For a long time, resilience was treated as the sensible but slightly dull cousin of efficiency. Everyone agreed it mattered. Few were in much of a hurry to pay for it. In calmer years, that seemed rational enough. Systems ran lean, inventories stayed light, supply chains stretched across continents and leaders congratulated themselves on building operations that were fast, elegant and cost-effective.
Then history sped up.
This week, the International Energy Agency said the current Middle East conflict had created the largest oil supply disruption in history, with a record release of strategic reserves intended to steady markets after the closure of the Strait of Hormuz sent shockwaves through global energy flows. Brent crude surged above 100 US dollars a barrel before easing back, a reminder that even highly sophisticated systems can start to look alarmingly brittle when a single chokepoint comes under pressure.
The important point is not that efficiency was a mistake. It was not. The mistake was treating foresight as optional. Too many countries and companies behaved as though fragility would always announce itself in good time, politely and with advance notice. They assumed that buffers could be built later, redundancies added later, strategic reserves expanded later, alternative routes negotiated later. Later, of course, has a habit of becoming too late.
Design flaws
Australia offers a timely example. As supply disruption rippled through fuel markets, Canberra moved to release petrol and diesel from emergency reserves and temporarily loosen fuel standards in order to increase availability, particularly in regional areas. But the more revealing detail was not the emergency response. It was the exposure beneath it: even at their highest level in more than a decade, Australia’s fuel stockpiles were still below the IEA’s 90-day benchmark, and the country’s reduced refining capacity has left it more dependent on imported fuel than many assume.

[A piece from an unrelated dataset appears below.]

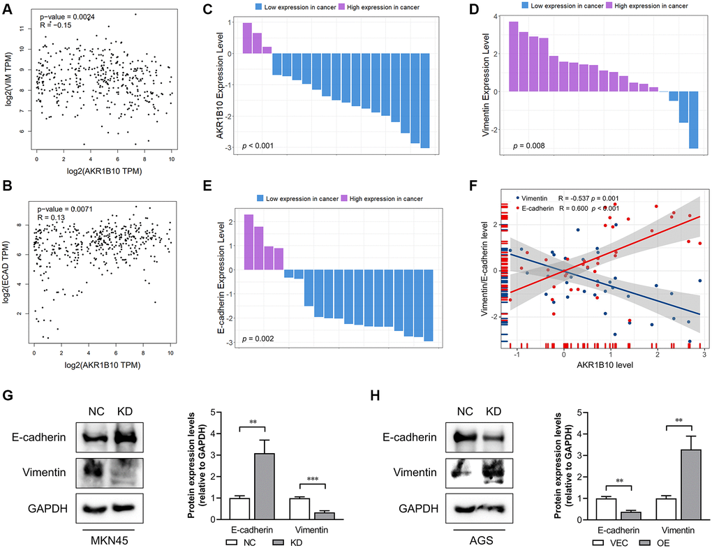 AKR1B10 regulated the ability of GC cells to proliferate and migrate negatively. However, EMT is closely related to migration of tumor cells. Therefore, what deserves further determination is whether AKR1B10 affect EMT of tumor or not. Correlation between AKR1B10 mRNA expression and EMT-related gene expression was analyzed in GC specimens from the TCGA dataset by the GEPIA platform. Specifically speaking, between AKR1B10 mRNA expression and EMT-related genes, including Vimentin (Figure 5A), Snail family transcriptional repressor 1, 2 (SNAI1, 2 Supplementary Figure 3A, 3B), zinc finger E-box binding homeobox 1, 2 (ZEB1, 2 Supplementary Figure 3C, 3D), signified a negative correlation, whereas correlated with E-cadherin positively (Figure 5B).

That is what a design flaw looks like in practice. Not a dramatic collapse. Not an obvious blunder. Simply a system built for continuity in a world increasingly defined by interruption.
For years, both public and private leaders have spoken warmly about resilience while continuing to optimise for smoothness. In business, that meant just-in-time supply chains, concentrated sourcing and an understandable preference for lower carrying costs. In government, it often meant industrial strategies that praised sovereignty but underinvested in the storage, processing, infrastructure and institutional coordination that sovereignty actually requires. Everyone admired preparedness in theory. Far fewer were prepared to build it into the economics of the present.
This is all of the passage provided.